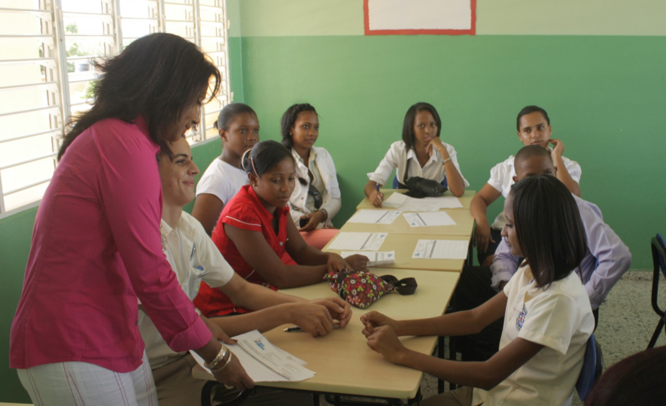 Instructores y estudiantes presentes en las consultas del Pacto Nacional por la Reforma Educativa, efectuadas en el Centro Educativo Juan Arturo Bermúdez, en San Pedro de Macorís.
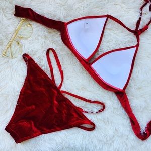 The "Scarlett" Velvet Halter Bikini 🌸 Bikini top is firm, formed and has push up padding. Bottoms are different than many other velvet bikinis with its second straps that can be worn high on the waist. Bikini is a true red. Sizes run slightly small, so it may be best to order up one size. ❤️ Sunglasses in product photos are also for sale 😉
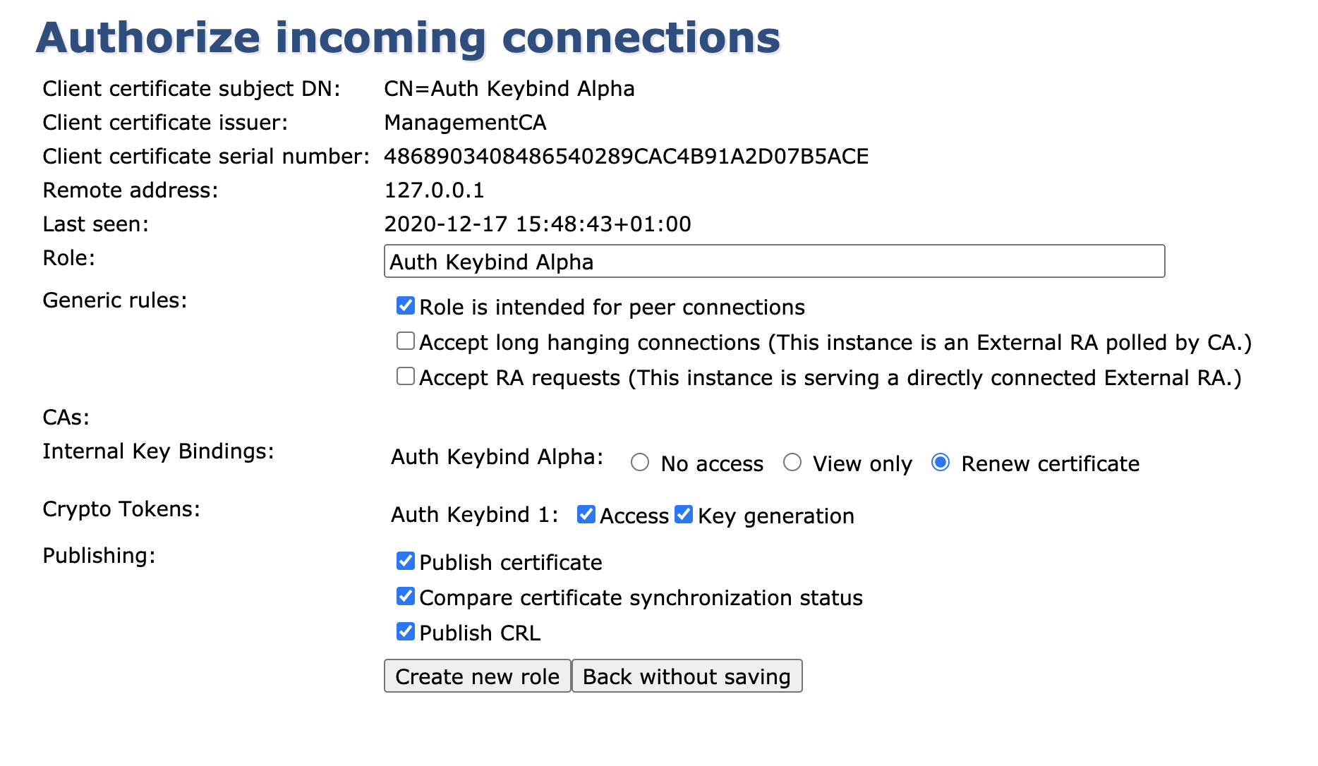 Since EJBCA requires authentication for even internal processes between nodes (in order to strengthen domain security and allow multi tenancy), there needs to be a Role created that matches the certificate defined in the CA's Authentication Key Binding. To create a role:

----

= Your instructions =
The listing above should be repeated word for word, with every image left out.

= Answer to this problem =
 Instructores y estudiantes presentes en las consultas del Pacto Nacional por la Reforma Educativa, efectuadas en el Centro Educativo Juan Arturo Bermúdez, en San Pedro de Macorís.
 The "Scarlett" Velvet Halter Bikini 🌸 Bikini top is firm, formed and has push up padding. Bottoms are different than many other velvet bikinis with its second straps that can be worn high on the waist. Bikini is a true red. Sizes run slightly small, so it may be best to order up one size. ❤️ Sunglasses in product photos are also for sale 😉
 Since EJBCA requires authentication for even internal processes between nodes (in order to strengthen domain security and allow multi tenancy), there needs to be a Role created that matches the certificate defined in the CA's Authentication Key Binding. To create a role:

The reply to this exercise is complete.